• _PROBLEM DETAILS_
From the line with "The team welcomed" to the line with "symbols - BRSF901", output every line below exactly, both ends included. Skip the pictures.

• _EXTRACTED RECORDS_
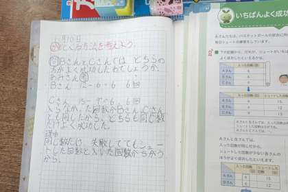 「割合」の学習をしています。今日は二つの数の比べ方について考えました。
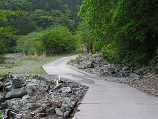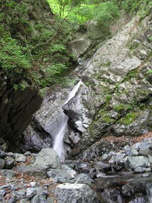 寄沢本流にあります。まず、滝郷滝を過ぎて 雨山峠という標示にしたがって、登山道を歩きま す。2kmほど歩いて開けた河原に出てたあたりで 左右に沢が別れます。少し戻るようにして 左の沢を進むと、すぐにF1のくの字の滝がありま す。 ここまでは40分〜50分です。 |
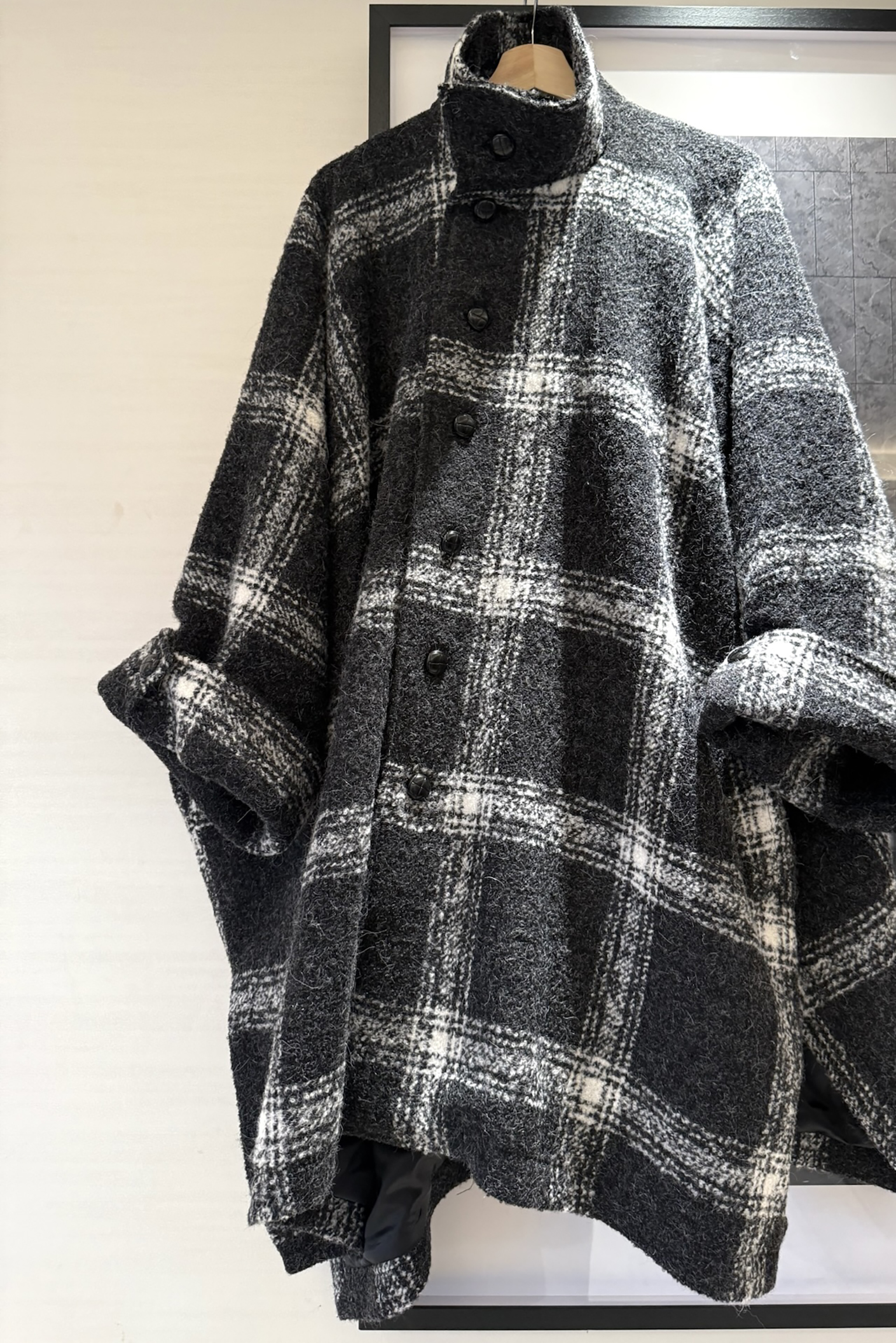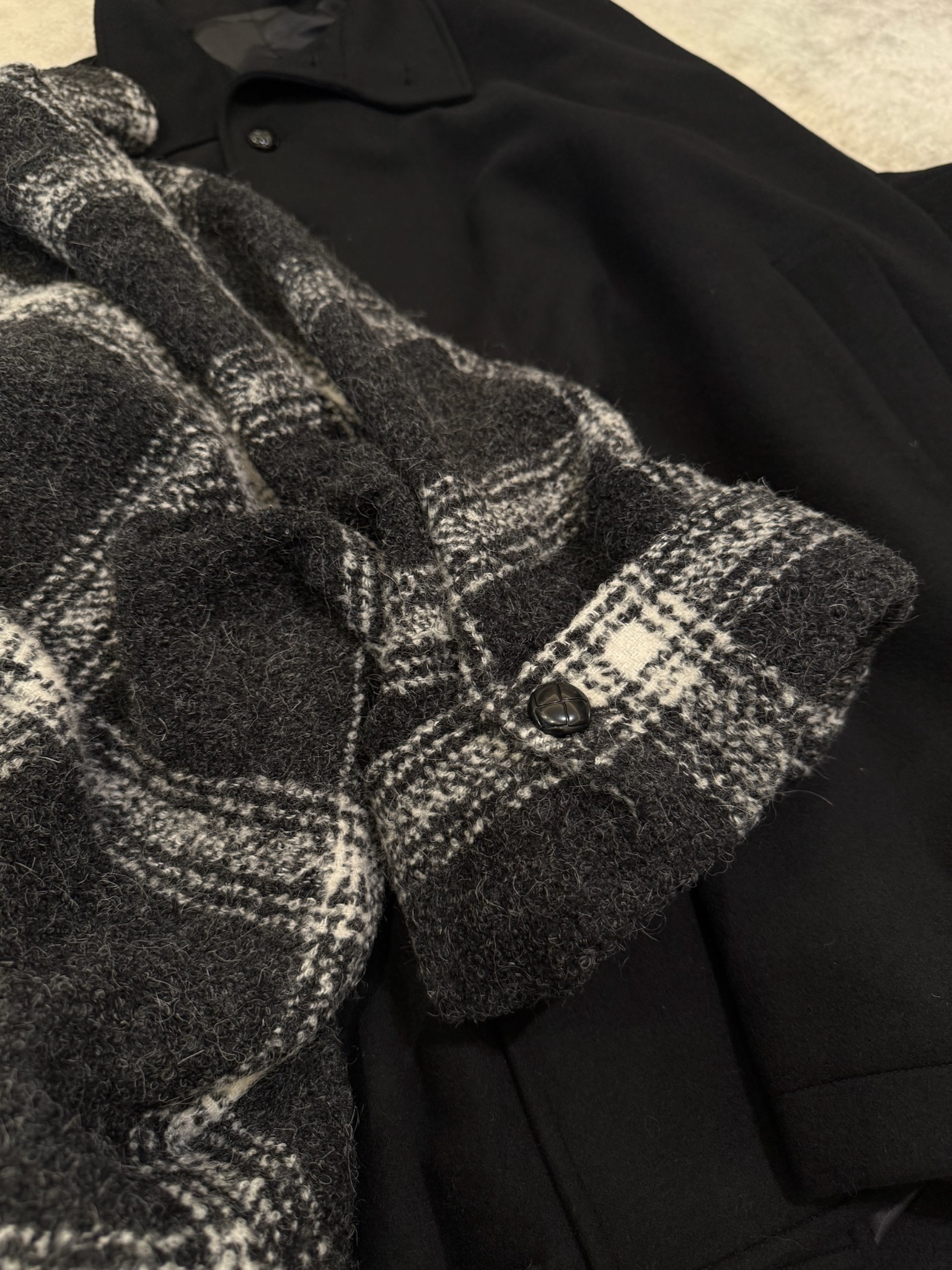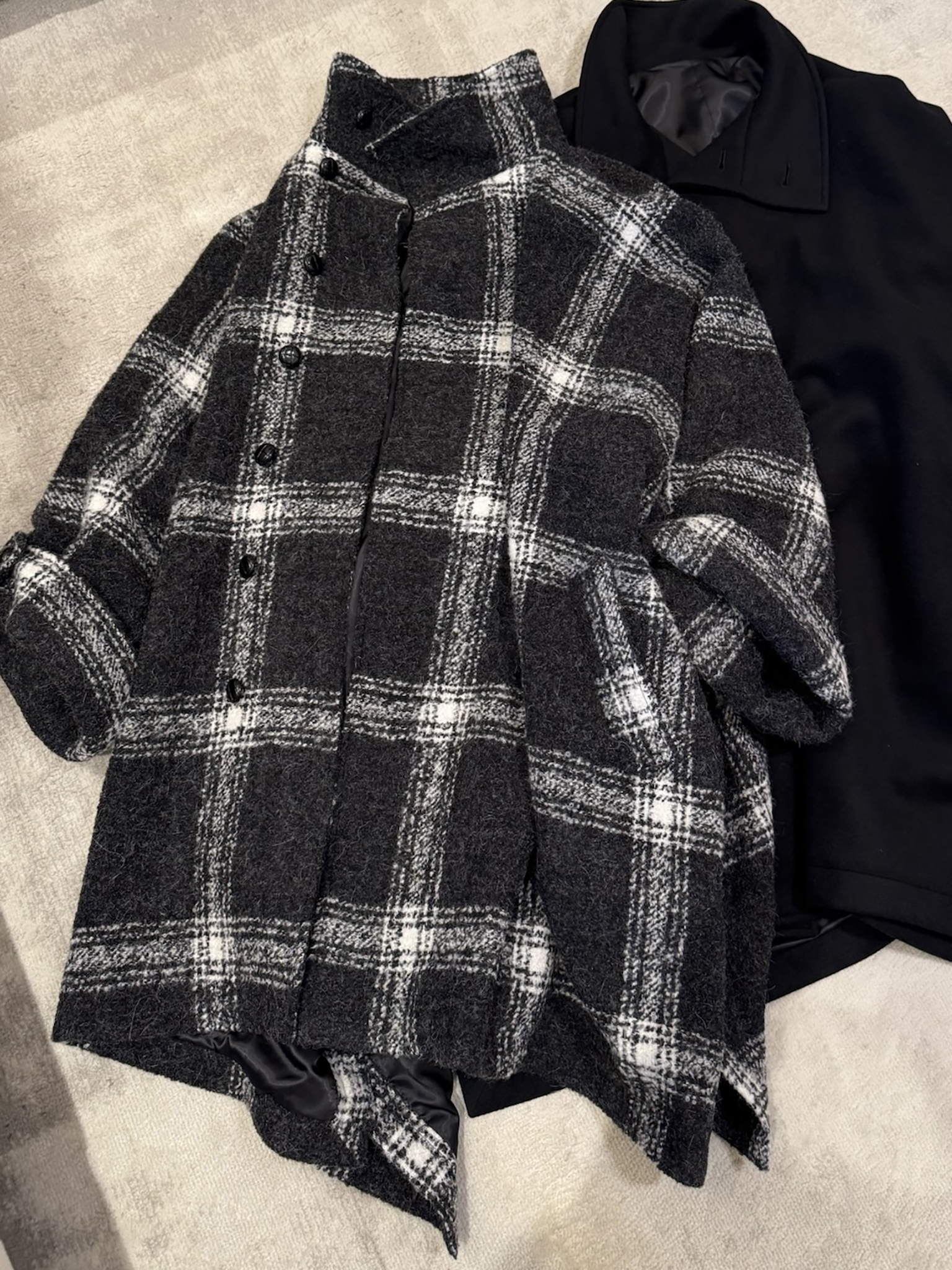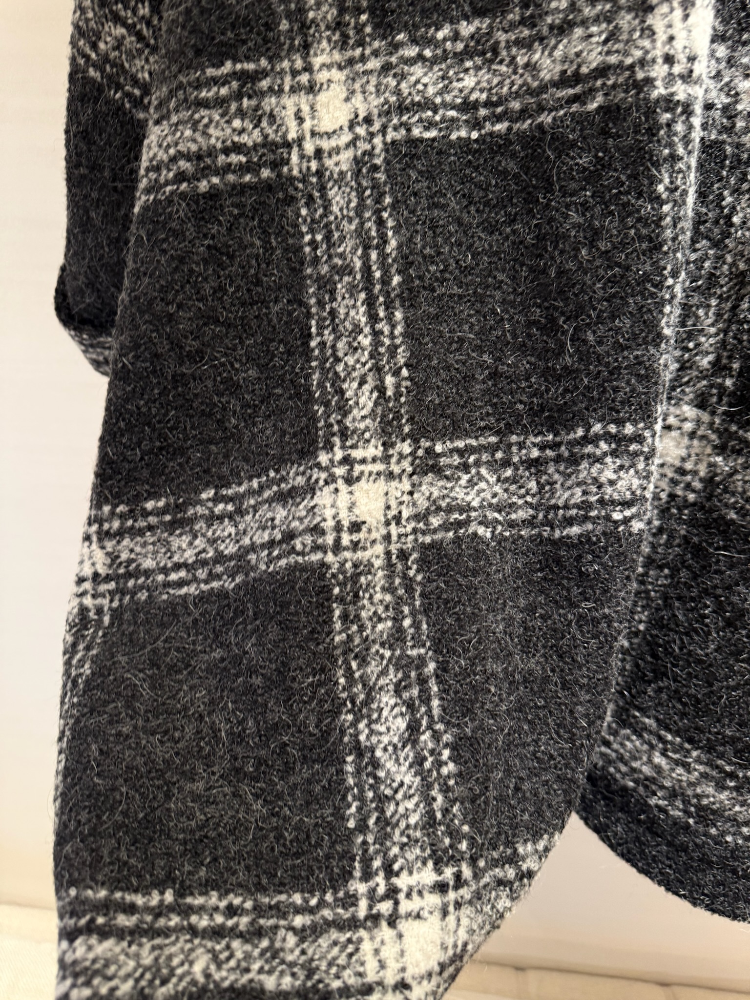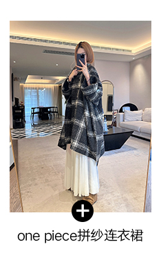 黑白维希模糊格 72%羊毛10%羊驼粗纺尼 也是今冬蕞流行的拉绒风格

* * *

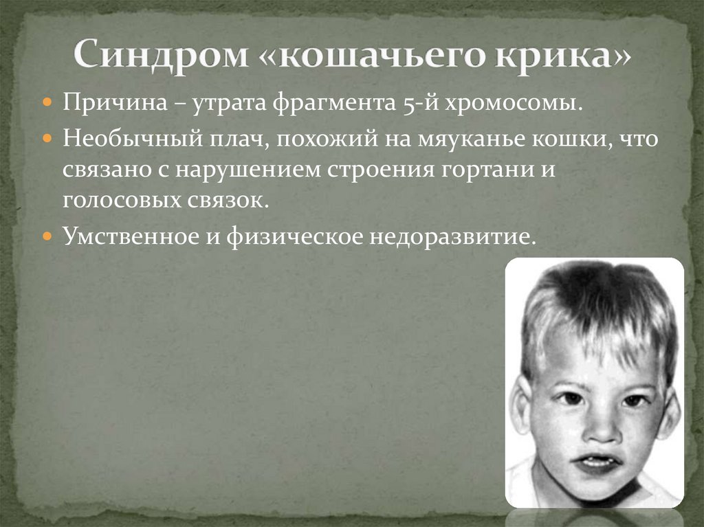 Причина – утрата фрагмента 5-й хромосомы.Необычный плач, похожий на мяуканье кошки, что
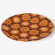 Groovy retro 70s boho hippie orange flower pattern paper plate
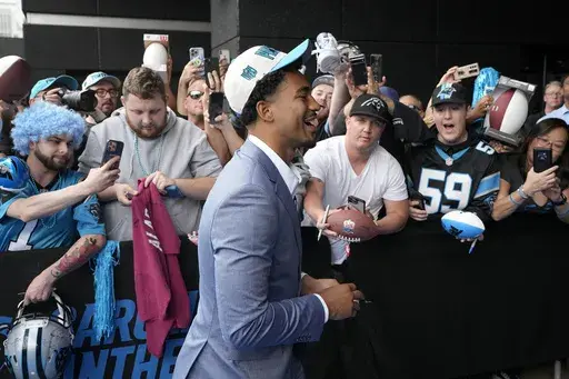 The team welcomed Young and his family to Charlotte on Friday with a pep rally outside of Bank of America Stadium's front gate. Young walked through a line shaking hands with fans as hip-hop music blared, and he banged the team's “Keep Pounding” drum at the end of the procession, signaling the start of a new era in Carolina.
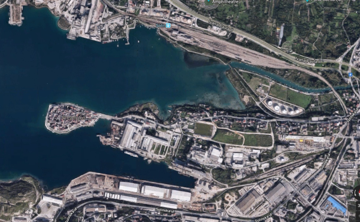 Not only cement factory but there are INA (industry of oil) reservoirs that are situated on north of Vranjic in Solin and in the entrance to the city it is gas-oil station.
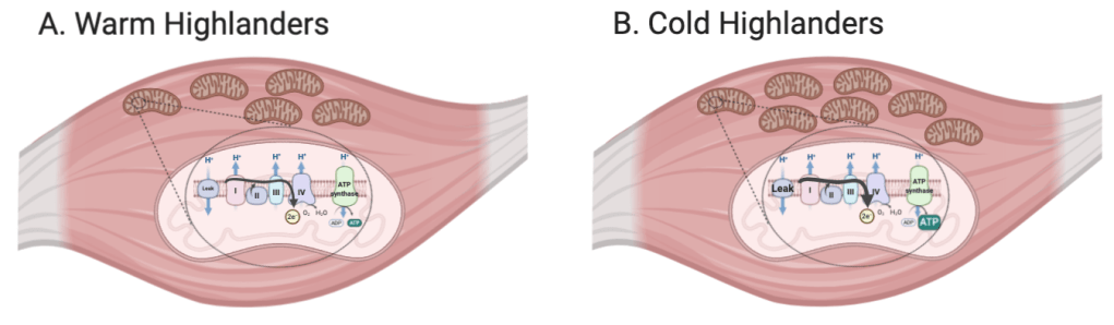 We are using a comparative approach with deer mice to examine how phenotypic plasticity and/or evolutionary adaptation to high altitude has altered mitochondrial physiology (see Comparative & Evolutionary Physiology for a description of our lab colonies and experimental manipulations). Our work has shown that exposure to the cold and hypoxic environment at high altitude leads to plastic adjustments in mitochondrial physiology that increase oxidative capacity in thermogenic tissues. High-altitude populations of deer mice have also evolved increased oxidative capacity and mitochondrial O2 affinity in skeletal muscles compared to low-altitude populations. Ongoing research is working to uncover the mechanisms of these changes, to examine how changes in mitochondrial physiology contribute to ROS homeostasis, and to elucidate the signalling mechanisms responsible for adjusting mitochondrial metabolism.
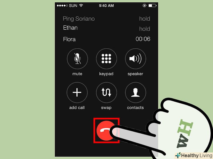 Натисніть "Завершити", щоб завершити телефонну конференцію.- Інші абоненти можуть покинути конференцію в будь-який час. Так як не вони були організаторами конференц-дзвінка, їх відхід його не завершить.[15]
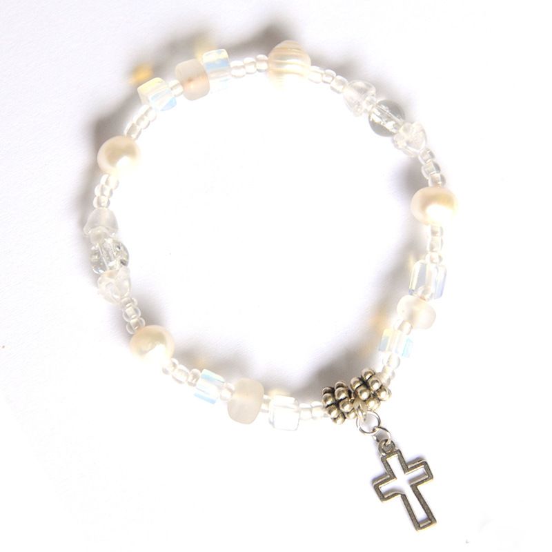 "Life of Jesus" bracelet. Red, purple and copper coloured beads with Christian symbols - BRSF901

--

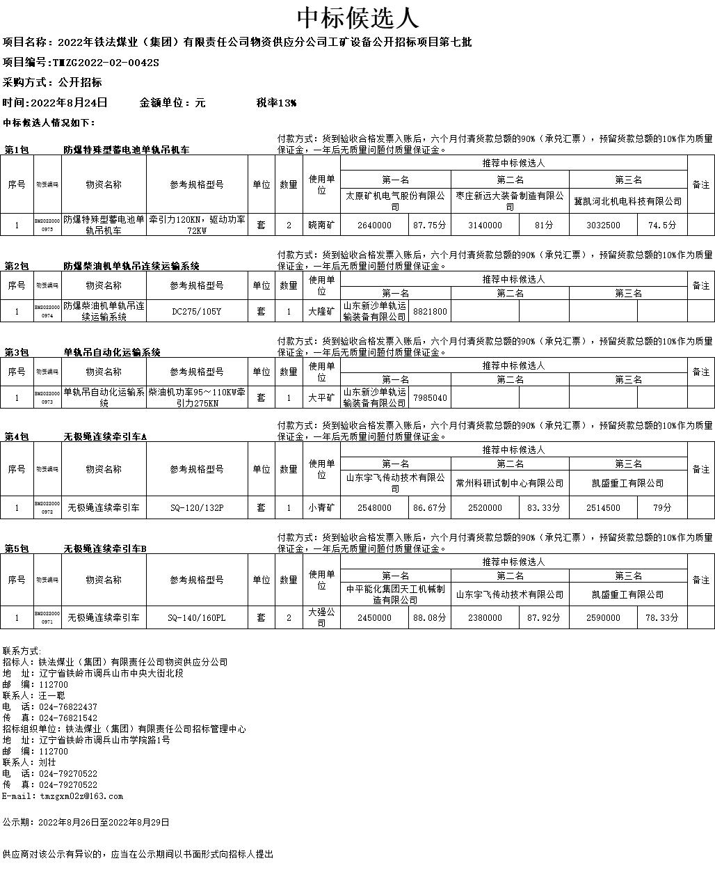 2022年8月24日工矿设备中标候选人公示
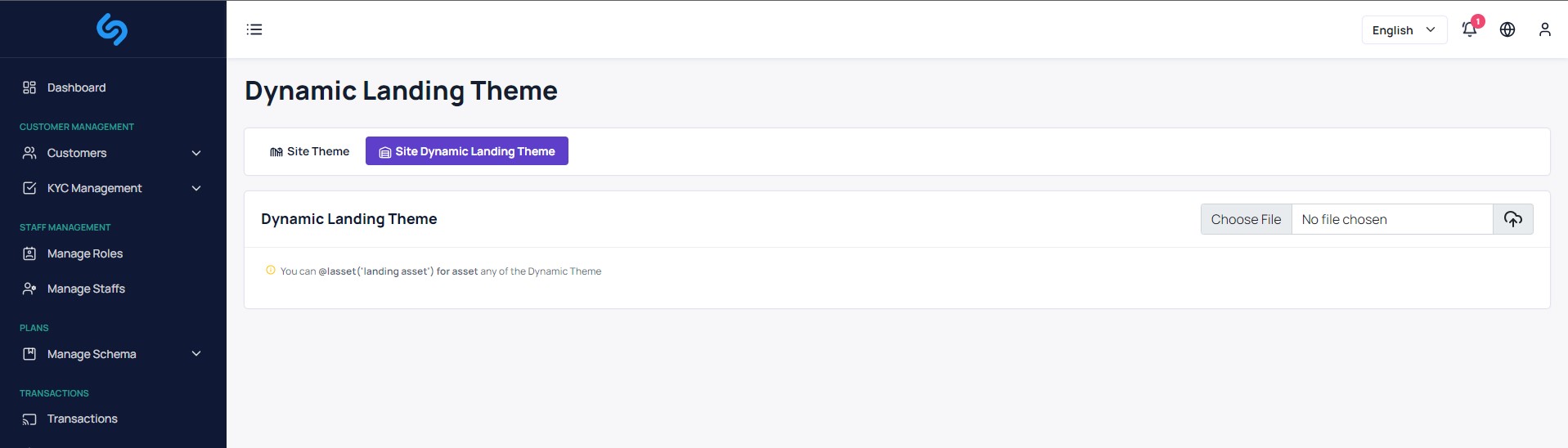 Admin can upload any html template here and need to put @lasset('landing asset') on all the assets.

• _SOLVED EXERCISE_
 The team welcomed Young and his family to Charlotte on Friday with a pep rally outside of Bank of America Stadium's front gate. Young walked through a line shaking hands with fans as hip-hop music blared, and he banged the team's “Keep Pounding” drum at the end of the procession, signaling the start of a new era in Carolina.
 Not only cement factory but there are INA (industry of oil) reservoirs that are situated on north of Vranjic in Solin and in the entrance to the city it is gas-oil station.
 We are using a comparative approach with deer mice to examine how phenotypic plasticity and/or evolutionary adaptation to high altitude has altered mitochondrial physiology (see Comparative & Evolutionary Physiology for a description of our lab colonies and experimental manipulations). Our work has shown that exposure to the cold and hypoxic environment at high altitude leads to plastic adjustments in mitochondrial physiology that increase oxidative capacity in thermogenic tissues. High-altitude populations of deer mice have also evolved increased oxidative capacity and mitochondrial O2 affinity in skeletal muscles compared to low-altitude populations. Ongoing research is working to uncover the mechanisms of these changes, to examine how changes in mitochondrial physiology contribute to ROS homeostasis, and to elucidate the signalling mechanisms responsible for adjusting mitochondrial metabolism.
 Натисніть "Завершити", щоб завершити телефонну конференцію.- Інші абоненти можуть покинути конференцію в будь-який час. Так як не вони були організаторами конференц-дзвінка, їх відхід його не завершить.[15]
 "Life of Jesus" bracelet. Red, purple and copper coloured beads with Christian symbols - BRSF901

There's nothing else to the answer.